Earlier this month, local Ald. Walter Burnett (27th) questioned whether the showcase North Side high school, whatever it ends up being called, will ever be built. Burnett expressed his fears four days after CPS notified the Chicago Teachers Union it would not exercise its option to extend the teachers contract for another year because it does not have the $105 million needed to fund the 3 percent pay raise.
On Wednesday, Davis was tight-lipped about the stalled project. She would only say she was “looking forward to working with the mayor on many exciting projects,” but “I’m not announcing any new projects here today.”
As for her 18-month stint at the Department of Buildings, Davis said she couldn’t be more proud.
“This department has had some challenges in the past, but it was gratifying to be here at a critical time to turn the page. We upgraded the hiring requirements for our inspectors. Every employee has gone through customer services training. We’re delivering projects and supporting economic activity by partnering with architects, engineers and developers,” Davis said.
Davis acknowledged that the city is still pursuing landlords who have thumbed their noses at the delayed requirement to install sprinklers or make less-costly “life safety” improvements, such as enclosing stairwells. But she said that’s only because the court system can’t handle 400 lawsuits at once.
“There are 100 of the most egregious cases in court at this point and every month we file new cases. It’s just the capacity of the court system,” she said.
“I look forward to the day when all of the buildings in our life safety portfolio have all of their safety mechanisms in place, have met the threshold and are delivering life safety for all the residents of their buildings.”
Emanuel has already shuffled the deck and breathed new life into his second-term cabinet by naming CTA President Forrest Claypool, the mayor’s longtime friend, to be his chief of staff.

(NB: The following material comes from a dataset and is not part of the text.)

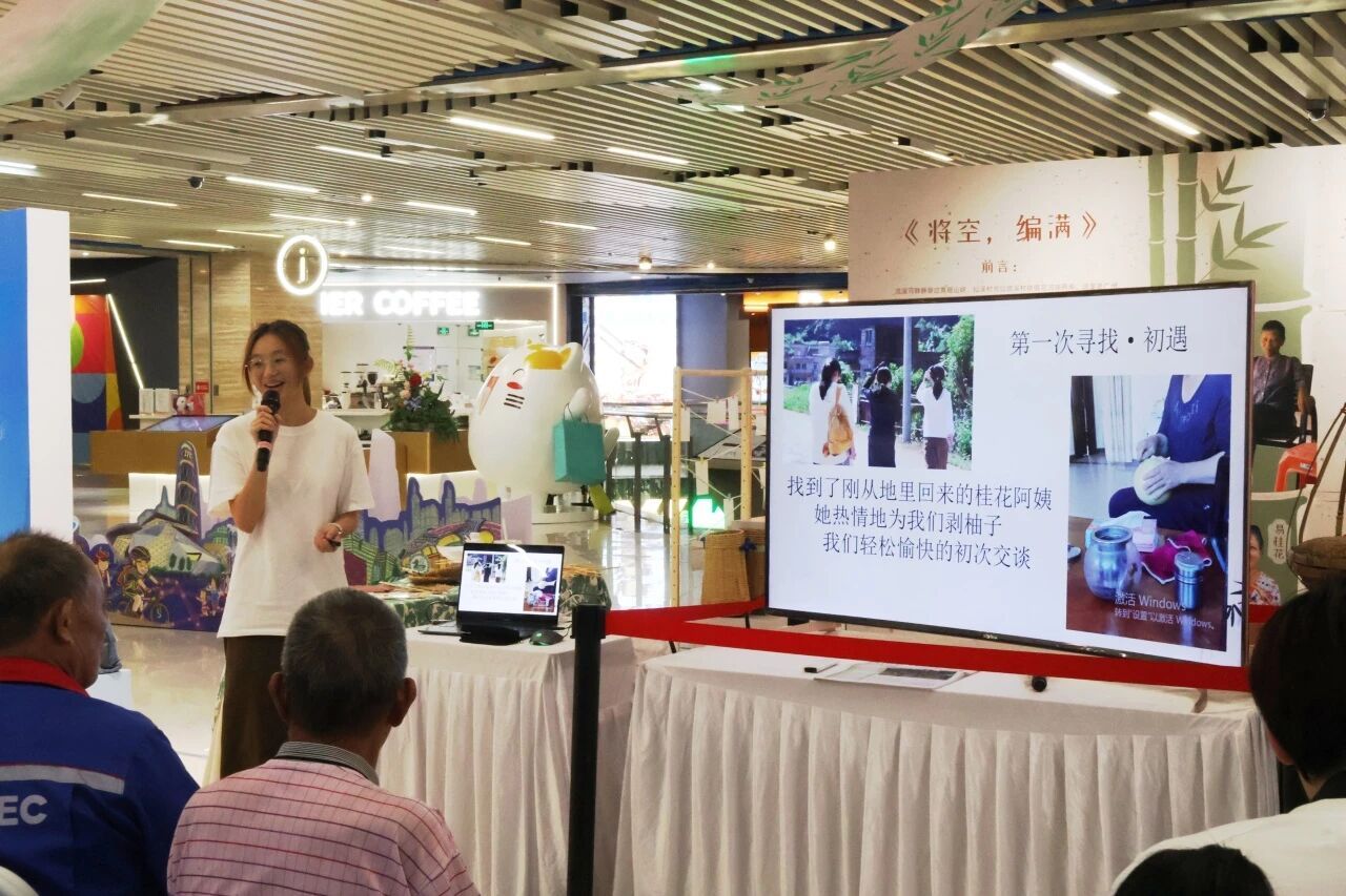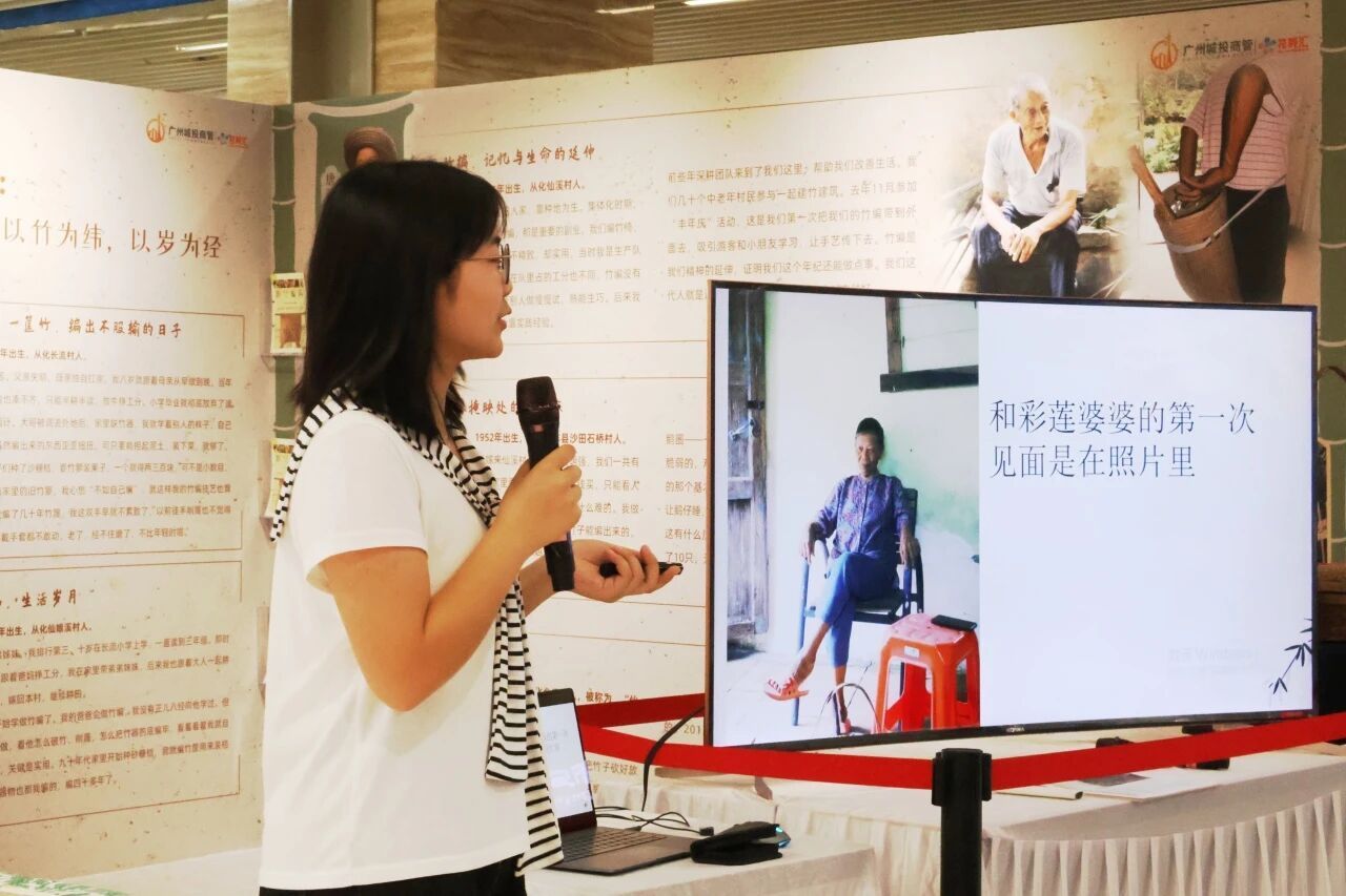 深耕工作人员曾卓:我们之前也做过活动把老人们的竹编作品带到现场去展览,或多或少也有一些经验,所以我们今天把老人家昨晚砍的竹子带到了现场,老人们都十分激动能来到展览现场当嘉宾分享故事。

In a news release announcing the latest changes, the mayor portrayed the moves as a win-win for both women and for the city.
“Felicia’s diverse background has served Chicago well in her various positions in city government, and her most recent work at [the Department of Buildings] supporting and promoting new developments in neighborhoods throughout the city has positioned her to ably lead the PBC as the commission continues to develop community facilities and infrastructure,” Emanuel was quoted as saying in the news release.
“Similarly, Judy has decades of experience fighting for the safety of Chicago residents in building court, and the relationships she’s built with the business community along the way will enable her to be an effective advocate for public safety and continued economic development at DOB.”
Frydland said she has spent the last 25 years working closely with the Department of Buildings to “improve residents’ quality of life and increase the safety” of Chicago neighborhoods by “aggressively enforcing” the building code.
“Yet the Department of Buildings is much more than just an enforcement agency, and as commissioner I will continue to strengthen our relationships with businesses and investors to drive economic development in neighborhoods throughout the city,” the new commissioner was quoted as saying.